Greek, sortable, and in XML
16 Nov 2015The 2.x series of the greeklang
library adds a GreekNode
class for working with XML data when text nodes contain valid values for GreekString
s. It extends the XmlNode
class in this library (introduced in this post), but verifies that all contents of text nodes are valid GreekString
values. It also offers methods for transcoding the text contents of an XML string to either of the two representations defined by the GreekString
class, as illustrated in the following snippet:
String asciiSrc = """
<div n="1">
<l n="1">mh=nin a)/eide qea\\ <persName n="urn:cite:hmt:pers.pers1">phlhi+a/dew a)xilh=os</persName>
</l>
</div>
"""
// Boolean flag means text nodes are NOT in Unicode mapping of Greek:
GreekNode gn = new GreekNode(asciiSrc, false)

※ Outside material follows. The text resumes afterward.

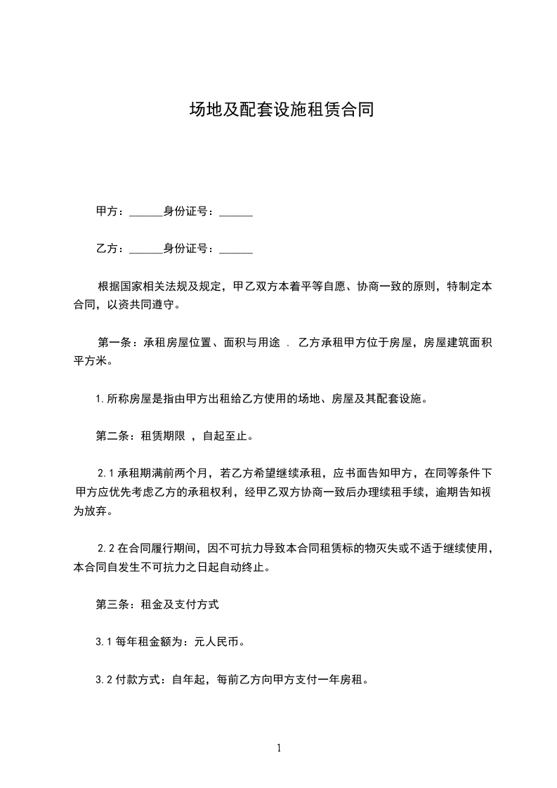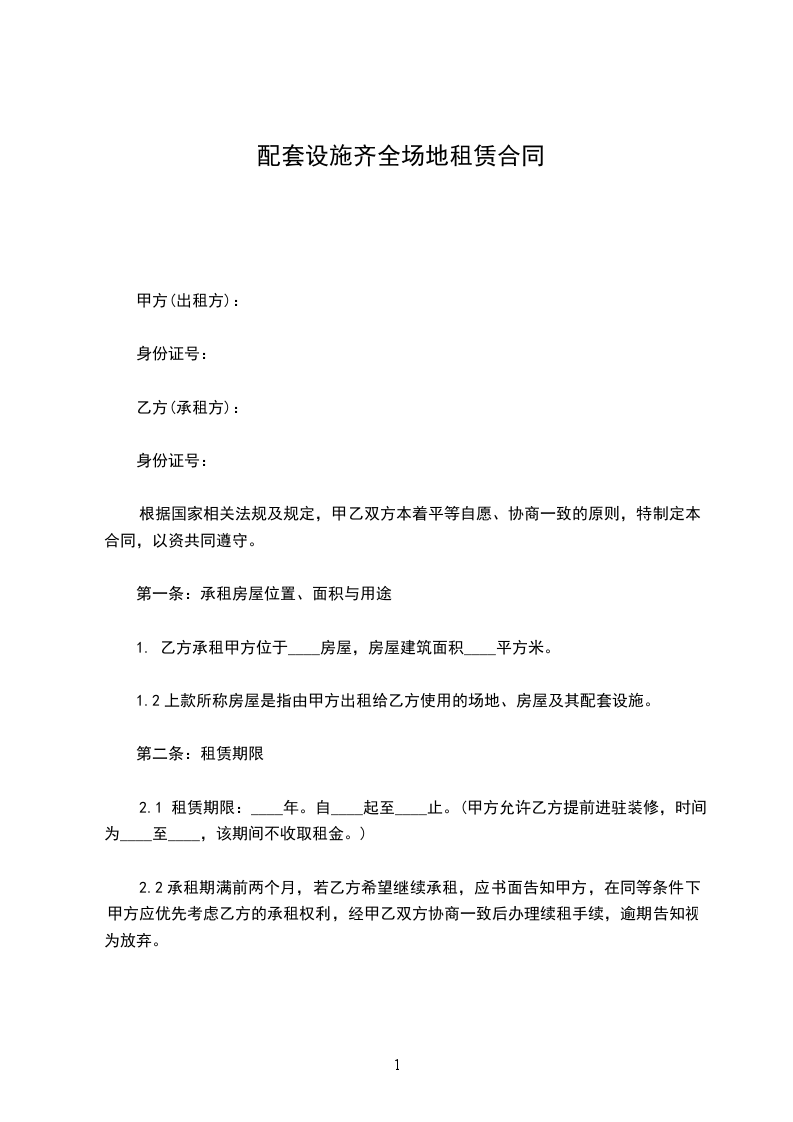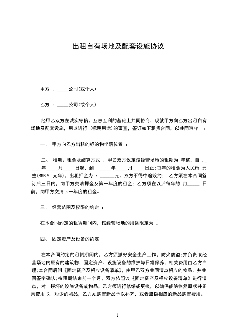 1.2上款所称房屋是指由甲方出租给乙方使用的场地、房屋及其配套设施。

// But we can get the same XML in Unicode:
String transcoded = gn.getUnicodeXml()
The value of transcoded
will be:
<div n="1">
<l n="1">μῆνιν ἄειδε θεὰ <persName n="urn:cite:hmt:pers.pers1">πηληϊάδεω ἀχιλῆος</persName>
</l>
</div>
In the 2.x release series, the GreekString
class implements java’s Comparable
interface so GreekString
s can be compared and sorted using the logic of the Greek alphabet. The following statement is true even though “q” would sort after “k” in a String:
GreekString asciiTheta = new GreekString ("e)/qhke")
GreekString asciiKappa = new GreekString ("e)/kruye")
assert asciiKappa > asciiTheta
Since we’re comparing GreekString objects, it doesn’t matter how we initialize them:
GreekString asciiTheta = new GreekString ("e)/qhke")
GreekString uniKappa = new GreekString("ἔκρυψε", true)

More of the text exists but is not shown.